This still doesn't fix the fundamental issue of groups being hidden from the OS. Solution: Just make all tab groups normal OS windows and use the OS to do what is
suggested here: https://wiki.mozilla.org/User:Broccauley/Fixing_TabCandy
Per Ian's message to DAF, not going to make b5. Aiming for early b6 cycle.
blocking2.0: beta5+ → beta6+
(In reply to comment #15)
> This still doesn't fix the fundamental issue of groups being hidden from the
> OS. Solution: Just make all tab groups normal OS windows and use the OS to do
> what is
> suggested here: https://wiki.mozilla.org/User:Broccauley/Fixing_TabCandy

Thanks for the input. This change isn't actually attempting to solve that particular problem. We're not going to get tight OS integration with Panorama in this release, perhaps we can explore these ideas in a future release though.
In terms of timing, this will not be able to land in beta 5. Instead we are shooting to be all reviewed (or at least be ready for review) when the beta 6 tree opens up.
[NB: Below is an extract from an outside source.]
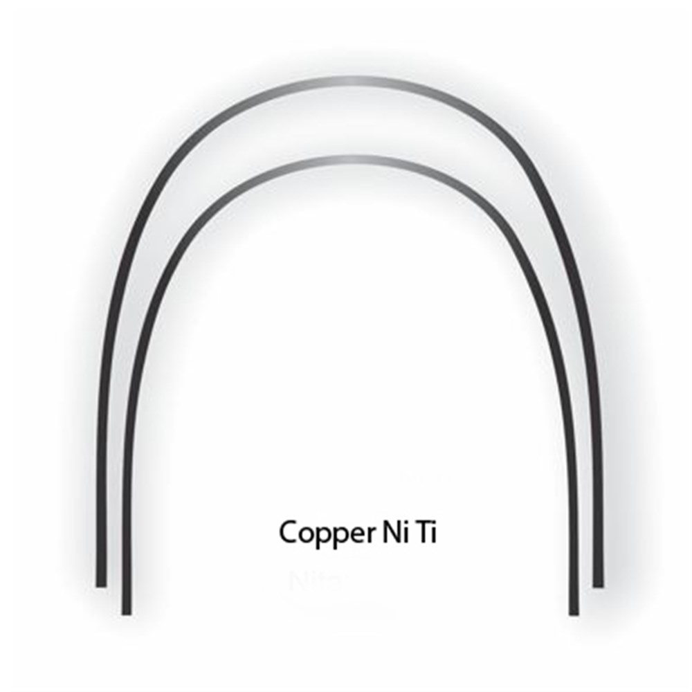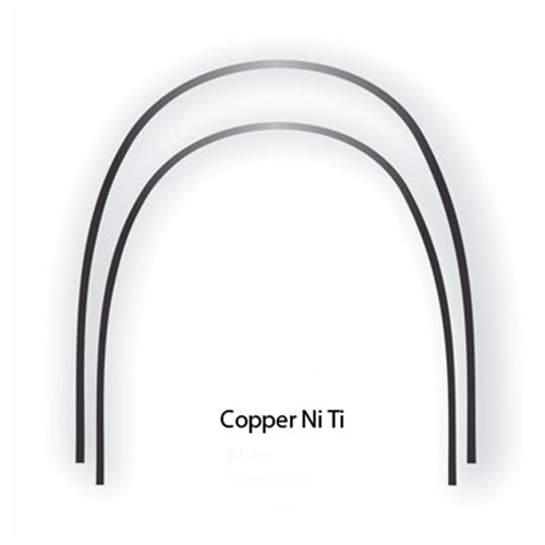 Heat Activated Nitanium with Copper remains soft at room temperature for easy wire insertion, even in the most severe cases.  This wire provides continuous force even at very small deflections, which reduces the frequency of wire changes.  The smooth surface finish reduces friction for faster tooth movement.  It's unloading (springback) properties facilitate faster and more efficient tooth movement.  Ni Ti with Copper allows the wire to be easily engaged before full activation at body temperature.Right Form Arch Shape which is the same as ProForm.Pack of 10.

We have a number of other features that we know we need to work on (e.g., undo closing a group) that we will also need to finished in the beta 6 cycle so we want to minimize the amount of actual coding on this bug during beta 6.
Blocks: 591911
(In reply to comment #12)
> (In reply to comment #11)
> > We have tab swapping working! Raymond has made it possible to switch into a tab
> > from any window. Grab the latest tabcandy-central to try it out. 
> > 
> > With this change, the "all tabs/all windows" work is finally testable. There
> > are plenty of issues (see the EtherPad list), but it's time to start
> > documenting them.
> 
> Could you please tell me where can I get the latest tabcandy-central?
> I would really appreciate it!

Sorry, but I'd really like to try this! If the last tabcandy-central is a new build I can try tab swapping, please tell me how/where do I get it.
I've already received the following link from Aza:

https://hg.mozilla.org/users/edward.lee_engineering.uiuc.edu/tabcandy-central/

but I didn't find any build there.
Sorry for my ignorance but I love Tab Candy and I'd really like to try this!
Hi Gabriela! The tab-swapping changes are mostly internal at this point, not something that shows up in the front-end.. but it will when it's ready, and at that point will land on mozilla-central. So the regular Firefox nightly builds are the right place to be if you want these changes soonest.
(In reply to Comment 21)

Hi Dietrich! Many thanks for your explanation!
I'm afraid it was a misunderstanding on my part then! I thought "Grab the latest tabcandy-central to try it out" meant I could install a build with this fix to try, as I do sometimes with try server builds.
I actually use Firefox nightly builds so I suppose I'll see the changes as soon as they land.
Attached patch WIP 1Splinter Review
Attaching our current Work In Progress, for Dietrich's reviewing pleasure.  Since we're not ready to land the patch, I figure the "feedback" flag is more appropriate than the "review" flag?
Attachment #470901 - Flags: feedback?(dietrich)
Comment on attachment 470901 [details] [diff] [review]
WIP 1

general comment: please give 8 lines of context in patches, it really helps in reviewing.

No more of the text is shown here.